4 NH3 + 70 O2 ---> 4NO2 + 6 H2O. If 23.7 g of NH3 react with 18.5g of oxygen, which is the limiting reagent?

First, the equation must be balanced correctly:

4 NH3 + 7 O2 → 4 NO2 + 6 H2O

(23.7 g NH3) / (17.03056 g NH3/mol) = 1.3916 mol NH3

(18.5 g O2) / (31.99886 g O2/mol) = 0.57815 mol O2

0.57815 mole of O2 would react completely with 0.57815 x (4/7) = 0.33037 mole of NH3, but there is more NH3 present than that, so NH3 is in excess and O2 is the limiting reagent.

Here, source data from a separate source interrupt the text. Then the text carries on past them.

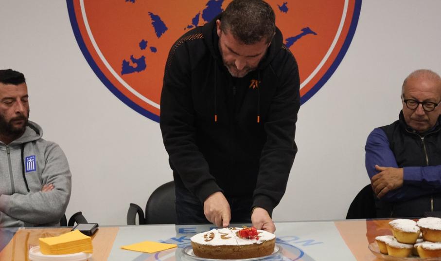 Ο πρόεδρος της Ένωσης, Ρένος Φρέρης κατά τη διάρκεια του σύντομου χαιρετισμού του τόνισε ότι μπορεί αυτή τη στιγμή να γίνεται η κοπή της πίτας με παρόντα μόνο τα Σωματεία από το νησί της Σύρου, όμως ευελπιστεί πως άμεσα θα πραγματοποιηθεί μία μεγάλη εκδήλωση και εκεί θα γιορτάσουν όλοι μαζί.
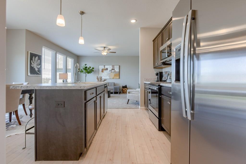 Welcome to the Kinley — a beautifully crafted 3-bedroom, 2-bath home. This thoughtfully designed 2 Story floor plan offers both comfort and flexibility, featuring a full basement, perfect for storage, recreation, or future finish. At the heart of the home is an inviting open-concept layout connecting the kitchen, living, and dining areas—ideal for everyday living and entertaining. The kitchen features sleek quartz countertops, stainless steel appliances, and a large island, blending modern design with everyday functionality. HOME IS UNDER CONSTRUCTION.
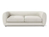 This compact living room ensemble is full of welcomed surprises. The tall arms and low back is an obvious homage to the tuxedo style, but the bulbous shape and smoother lines is a unique twist taking inspiration from the modern era. Underneath the seat cushions are high density foam, making firmer seats than one would expect for the shape that it is in. Finally, soft boucle fabric wraps around the whole piece highlighting a certain air of elegance and quiet class.
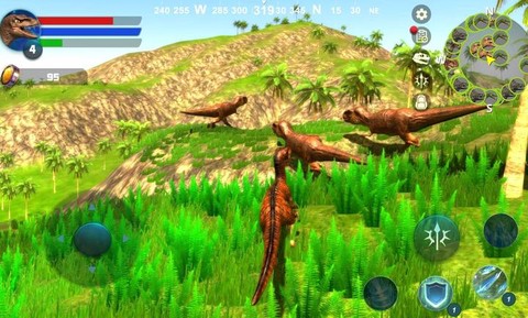 2、但想成为食物链顶端的霸主可没那么容易。你需要不断攻击其他恐龙来获取经验值升级,就像玩RPG一样,你的迅猛龙会越来越强。
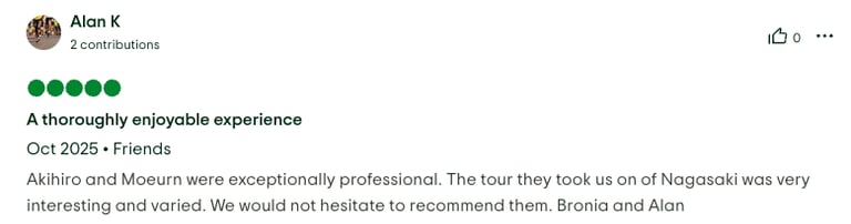 Experience the best of Nagasaki on tours designed to suit any schedule—from a quick half-day to a full-day adventure, or a fully customized itinerary. Explore must-see landmarks, savor local cuisine, and optionally enjoy a hidden gem or an authentic Japanese tea ceremony. Travel comfortably by air-conditioned car or historic streetcar, with every plan tailored to your preferences for a stress-free, unforgettable visit.
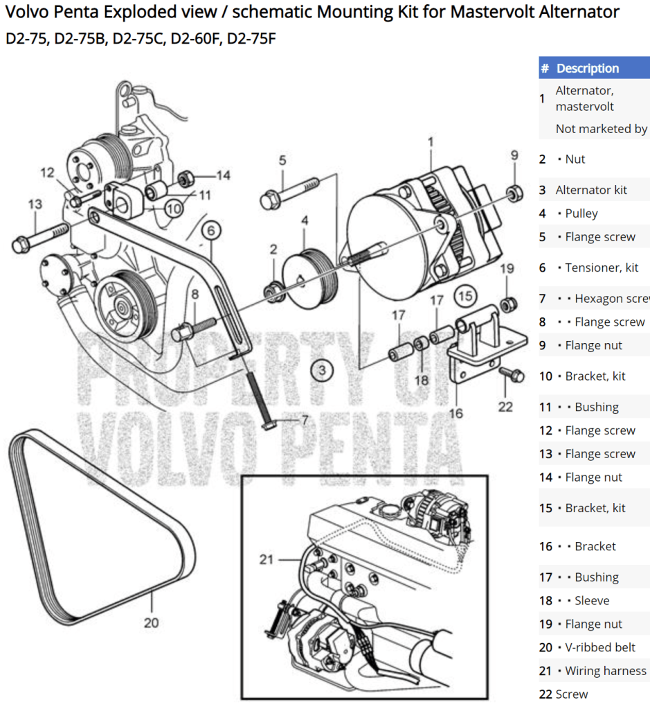 But we did find a kit allowing for the installation of a Mastervolt alternator in Volvo’s part store, as shown here: optimized to deliver continuous high power output in storage applications, suitable for all battery types, including Lithium Ion, high charge current at idle RPM.
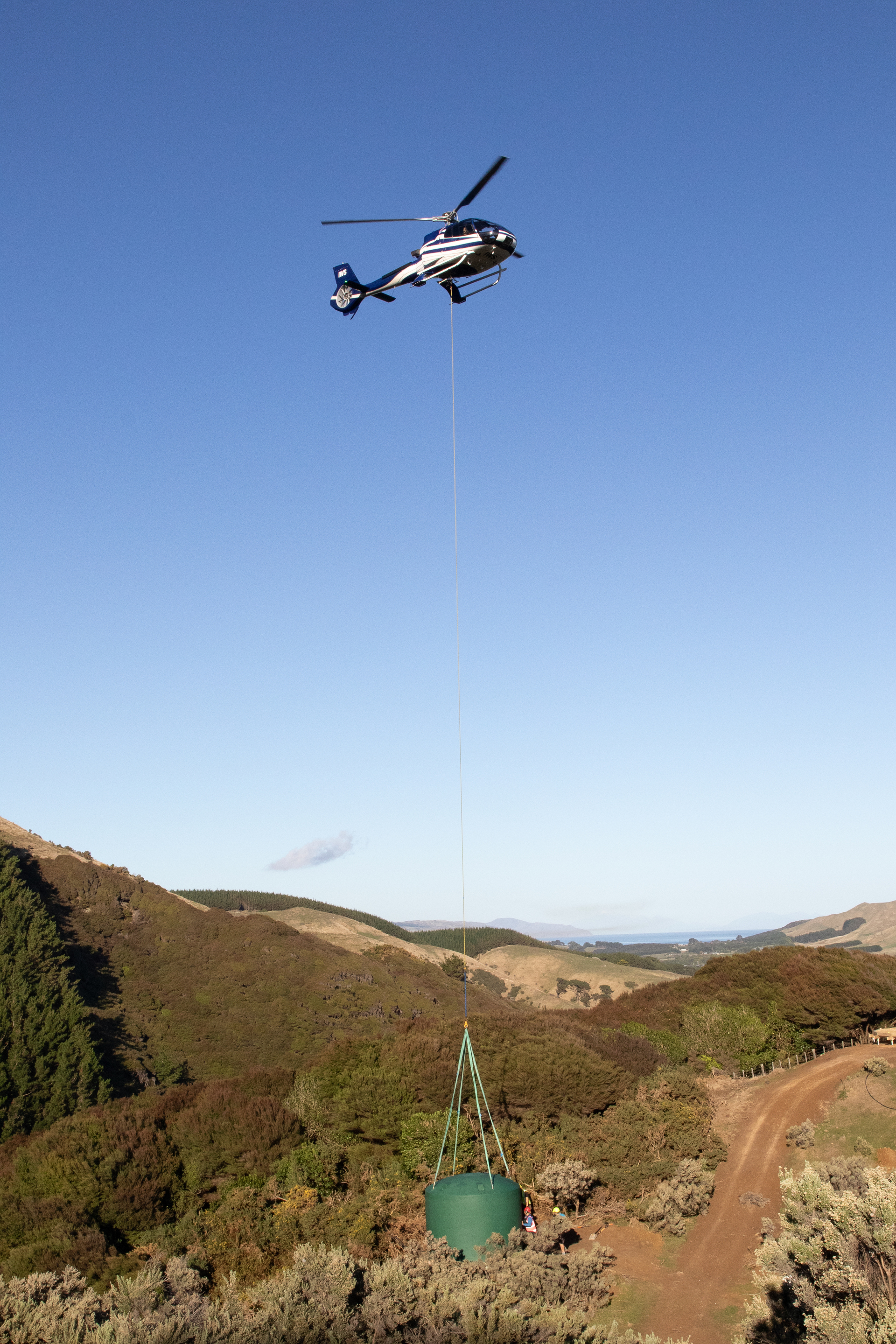 Last week the team at Wellington Helicopters picked it up and plonked it into place for us. It's now in position and ready to provide loyal service to our first guests in June.

your equation does not balance. 

Ammonia + Oxygen ➜ Nitrogen dioxide + water

4NH₃ + 7O₂ ➜ 4NO₂ + 6H₂O

NO₂ is 46 g/mol

NH₃ is 17 g/mol

H₂O is 18 g/mol

O₂ is 32 g/mol

4NH₃ + 7O₂ ➜ 4NO₂ + 6H₂O

4•17 g of NH₃ + 7•32 g of O₂ ➜ 4•46 g of NO₂ + 6•18 g of H₂O

68 g of NH₃ + 224 g of O₂ ➜ 184 g of NO₂ + 108 g of H₂O

check 68+224 = 184+108 = 292

23.7 g of NH₃ react with 18.5g of O₂

amount of O₂ required to react with 23.7 g of NH₃ is

224/68 = x/23.7

x = 78.1 g

you have only 18, so it is the limiting factor.